Input data section start

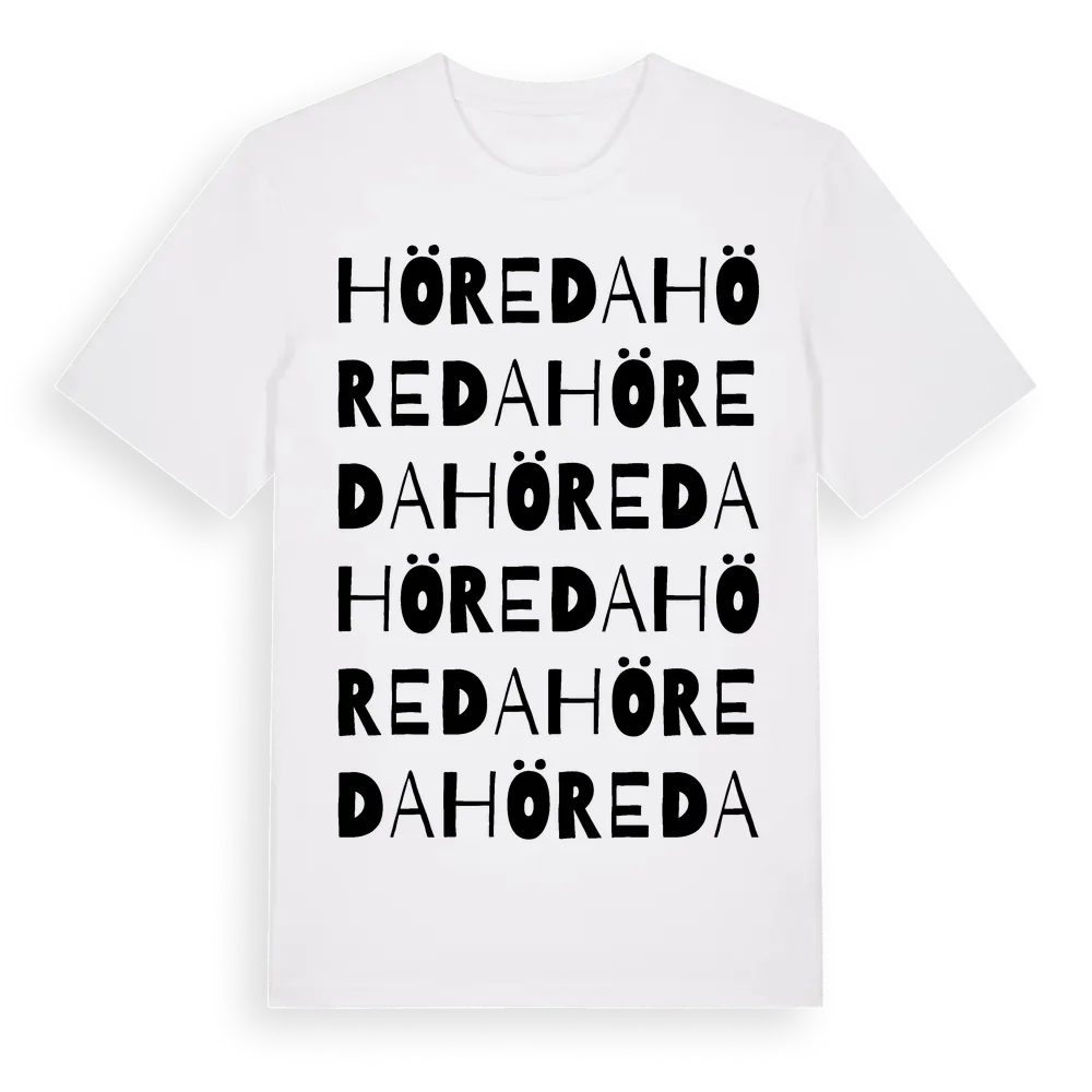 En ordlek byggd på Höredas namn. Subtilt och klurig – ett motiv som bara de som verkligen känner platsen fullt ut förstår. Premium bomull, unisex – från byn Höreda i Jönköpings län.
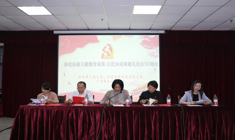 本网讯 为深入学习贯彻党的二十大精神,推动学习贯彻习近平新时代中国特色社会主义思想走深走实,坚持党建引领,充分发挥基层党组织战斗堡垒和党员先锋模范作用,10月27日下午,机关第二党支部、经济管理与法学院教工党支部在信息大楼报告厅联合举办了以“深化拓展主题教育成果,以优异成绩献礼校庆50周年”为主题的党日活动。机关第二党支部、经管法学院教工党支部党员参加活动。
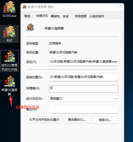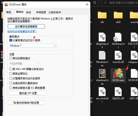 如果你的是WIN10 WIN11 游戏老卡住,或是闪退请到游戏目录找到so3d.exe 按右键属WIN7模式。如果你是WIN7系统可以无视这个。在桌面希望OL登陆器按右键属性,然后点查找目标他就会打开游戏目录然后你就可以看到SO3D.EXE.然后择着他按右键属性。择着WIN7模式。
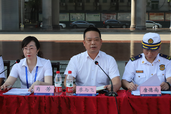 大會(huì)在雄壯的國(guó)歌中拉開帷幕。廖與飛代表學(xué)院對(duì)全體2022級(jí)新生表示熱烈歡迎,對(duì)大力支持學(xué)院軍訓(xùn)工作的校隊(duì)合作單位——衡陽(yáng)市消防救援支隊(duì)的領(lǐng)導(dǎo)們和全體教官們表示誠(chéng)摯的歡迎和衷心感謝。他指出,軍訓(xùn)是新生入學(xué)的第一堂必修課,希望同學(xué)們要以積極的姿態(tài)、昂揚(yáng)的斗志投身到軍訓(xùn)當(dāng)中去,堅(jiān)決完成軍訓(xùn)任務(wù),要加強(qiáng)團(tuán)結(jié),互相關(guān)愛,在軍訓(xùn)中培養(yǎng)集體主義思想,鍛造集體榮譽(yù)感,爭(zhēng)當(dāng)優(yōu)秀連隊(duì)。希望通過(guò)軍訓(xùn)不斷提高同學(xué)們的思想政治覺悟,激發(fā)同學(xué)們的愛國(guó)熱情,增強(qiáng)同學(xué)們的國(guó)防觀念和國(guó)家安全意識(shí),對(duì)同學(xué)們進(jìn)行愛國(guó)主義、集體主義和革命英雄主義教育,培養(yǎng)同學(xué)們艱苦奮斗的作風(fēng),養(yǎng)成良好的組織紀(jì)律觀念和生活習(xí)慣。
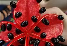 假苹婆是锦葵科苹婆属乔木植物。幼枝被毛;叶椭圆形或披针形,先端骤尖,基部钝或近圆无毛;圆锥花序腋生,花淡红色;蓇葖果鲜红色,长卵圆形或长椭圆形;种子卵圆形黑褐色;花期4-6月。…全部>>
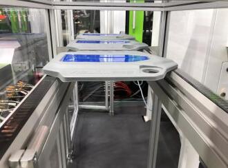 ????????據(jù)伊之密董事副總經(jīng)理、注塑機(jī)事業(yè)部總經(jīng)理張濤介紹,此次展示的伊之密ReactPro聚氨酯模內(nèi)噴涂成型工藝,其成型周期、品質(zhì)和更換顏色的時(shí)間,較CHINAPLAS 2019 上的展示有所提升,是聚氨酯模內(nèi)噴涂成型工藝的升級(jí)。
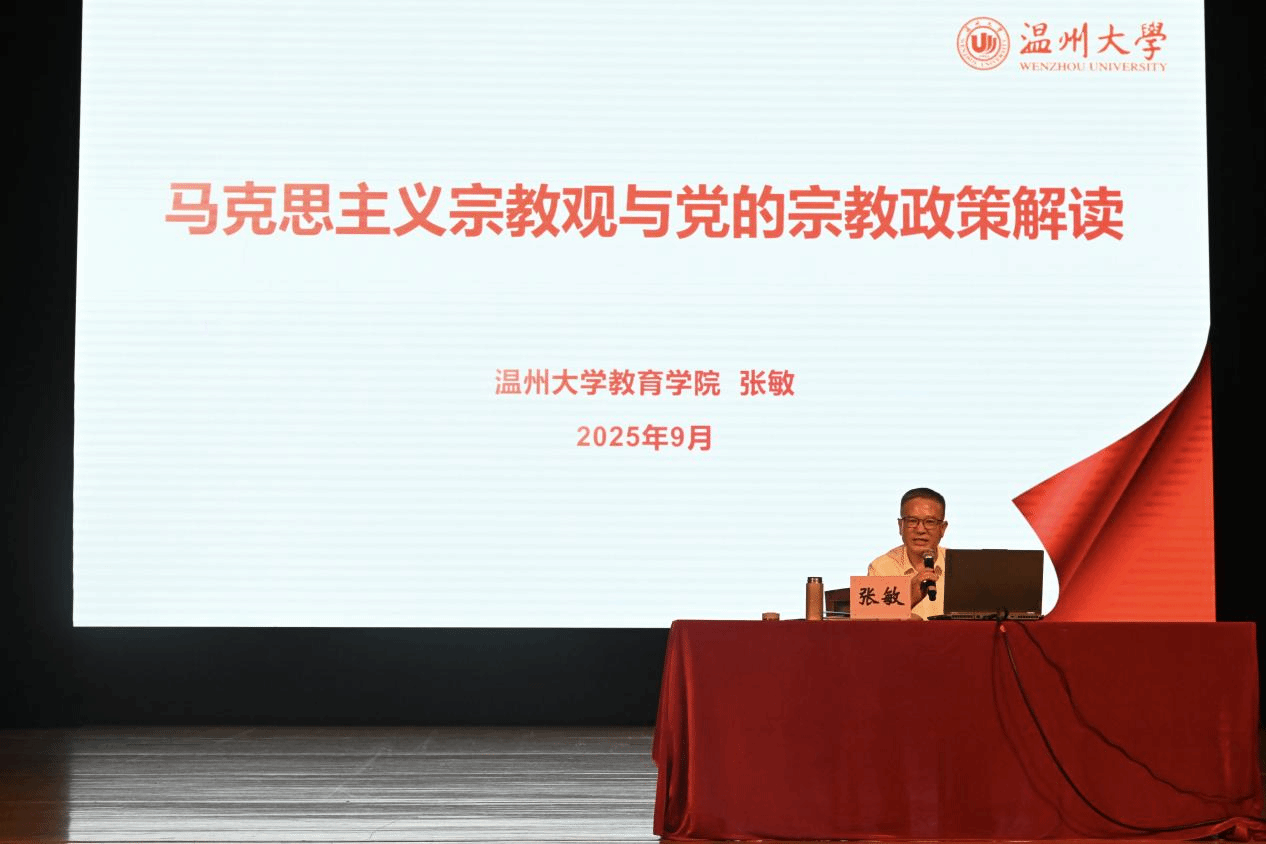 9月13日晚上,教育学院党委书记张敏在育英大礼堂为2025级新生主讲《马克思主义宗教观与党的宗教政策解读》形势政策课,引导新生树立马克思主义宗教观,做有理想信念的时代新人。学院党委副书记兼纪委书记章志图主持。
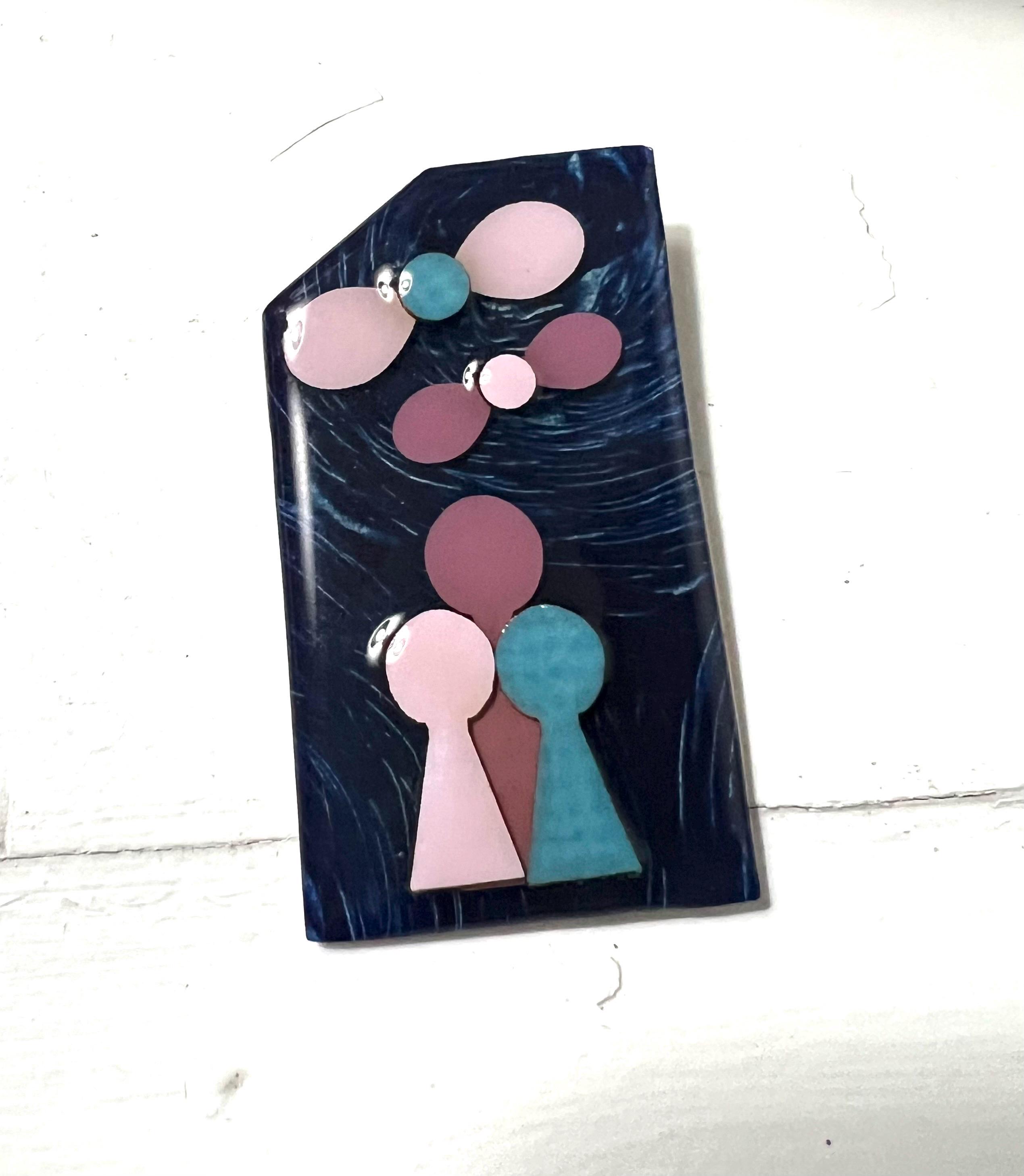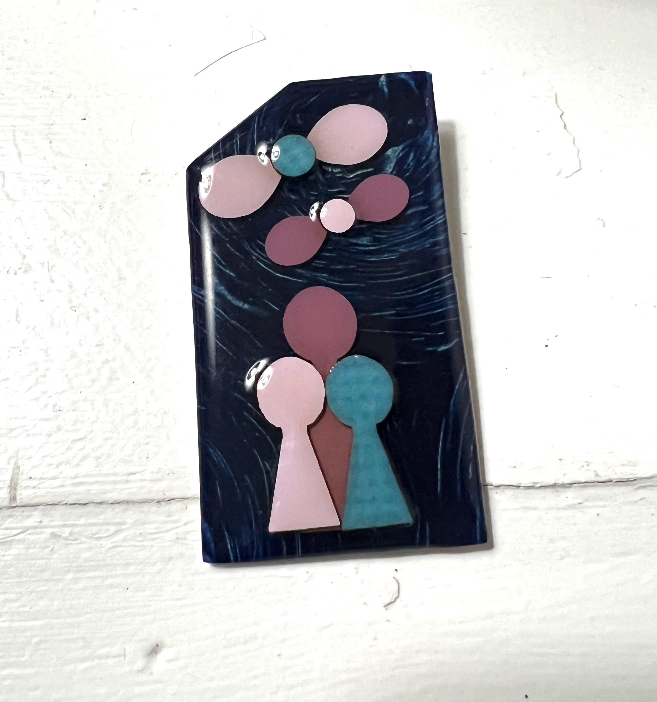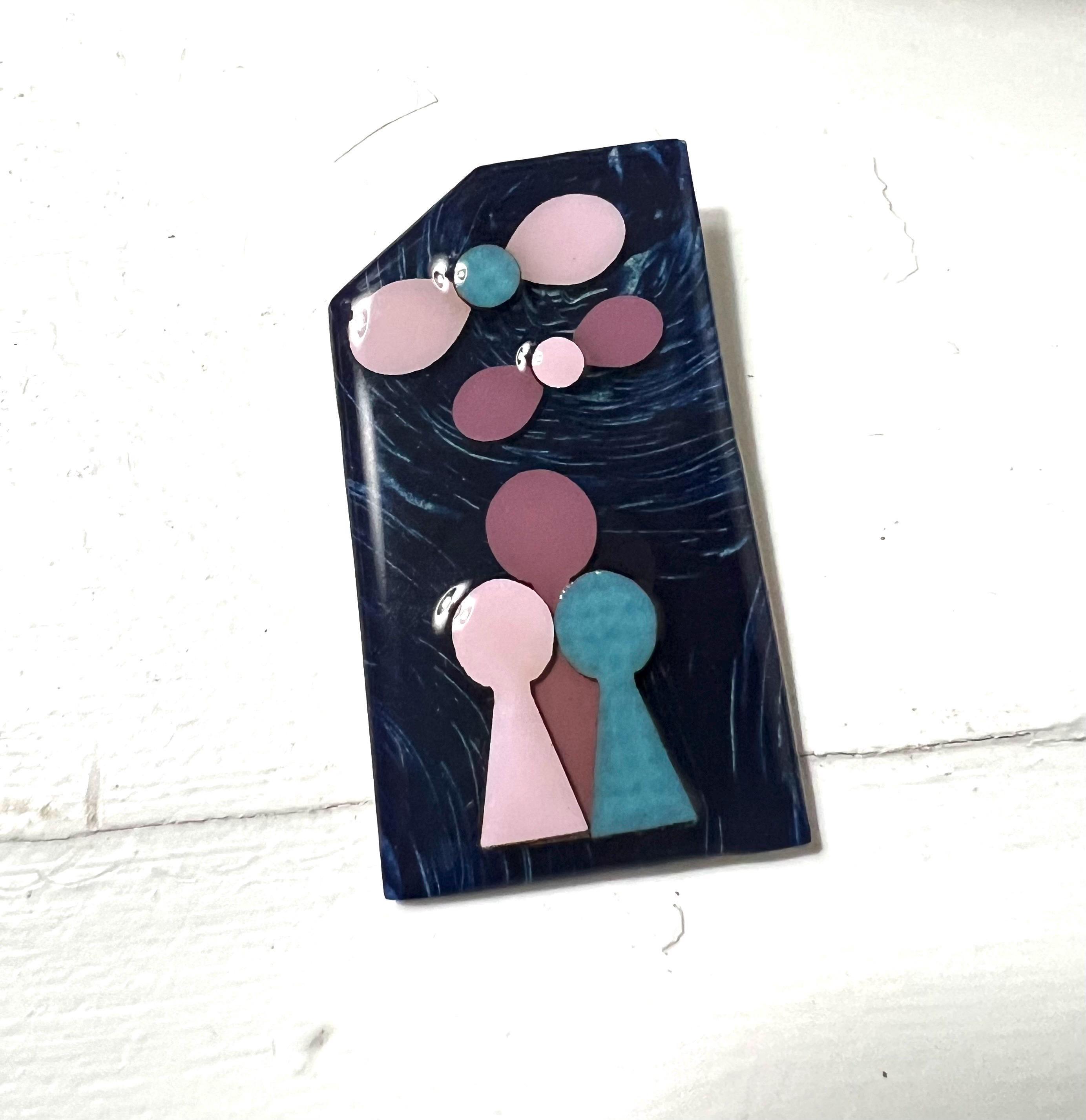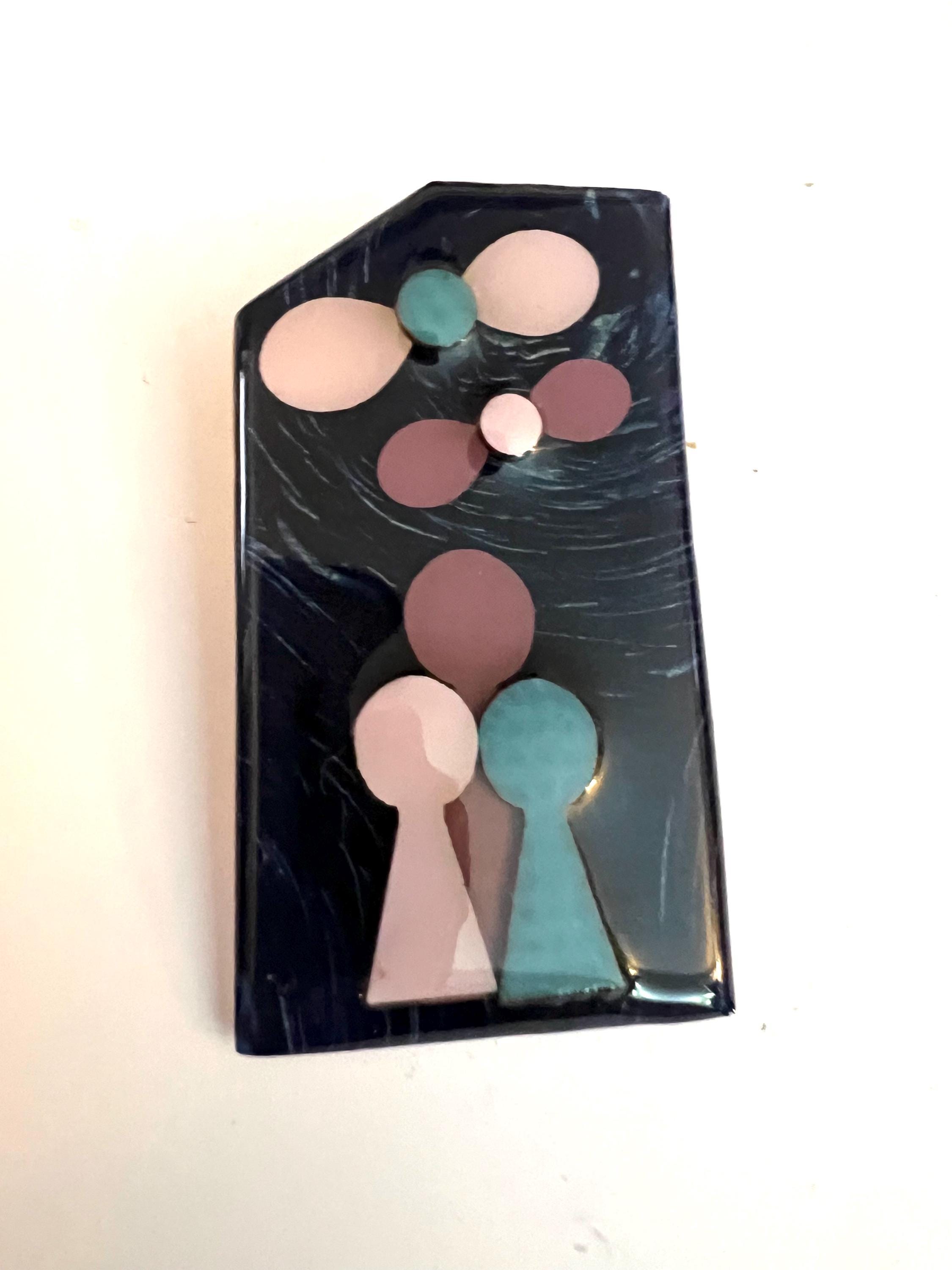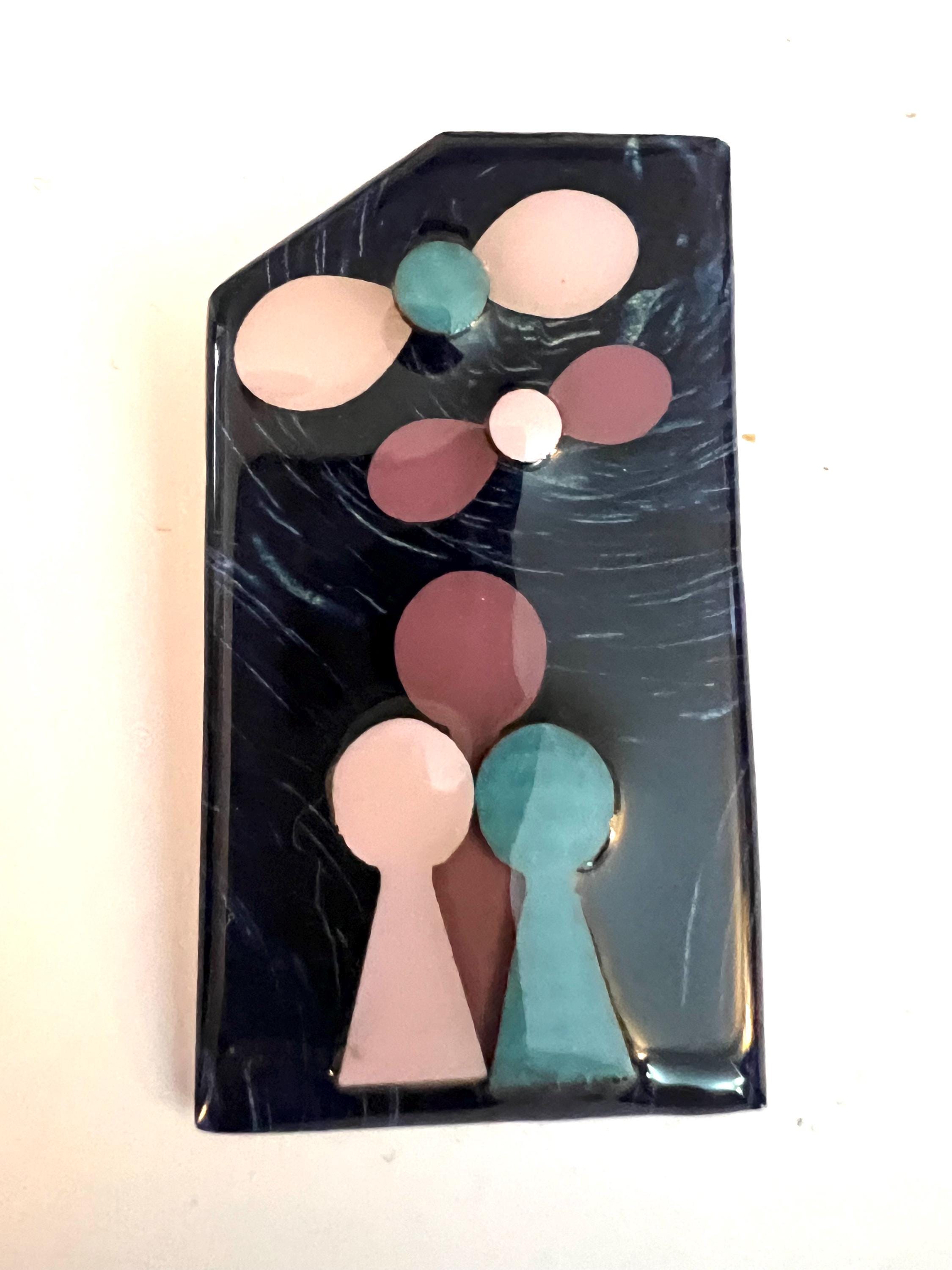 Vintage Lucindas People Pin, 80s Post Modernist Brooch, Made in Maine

Input data section end

__Work task__: Reproduce the records above from their first line to the line bearing "如果你的是WIN10 WIN11 游戏老卡住,或是闪退请到游戏目录找到so3d.exe", both ends included, leaving every picture out.

__Exercise answer__:
 En ordlek byggd på Höredas namn. Subtilt och klurig – ett motiv som bara de som verkligen känner platsen fullt ut förstår. Premium bomull, unisex – från byn Höreda i Jönköpings län.
 本网讯 为深入学习贯彻党的二十大精神,推动学习贯彻习近平新时代中国特色社会主义思想走深走实,坚持党建引领,充分发挥基层党组织战斗堡垒和党员先锋模范作用,10月27日下午,机关第二党支部、经济管理与法学院教工党支部在信息大楼报告厅联合举办了以“深化拓展主题教育成果,以优异成绩献礼校庆50周年”为主题的党日活动。机关第二党支部、经管法学院教工党支部党员参加活动。
 如果你的是WIN10 WIN11 游戏老卡住,或是闪退请到游戏目录找到so3d.exe 按右键属WIN7模式。如果你是WIN7系统可以无视这个。在桌面希望OL登陆器按右键属性,然后点查找目标他就会打开游戏目录然后你就可以看到SO3D.EXE.然后择着他按右键属性。择着WIN7模式。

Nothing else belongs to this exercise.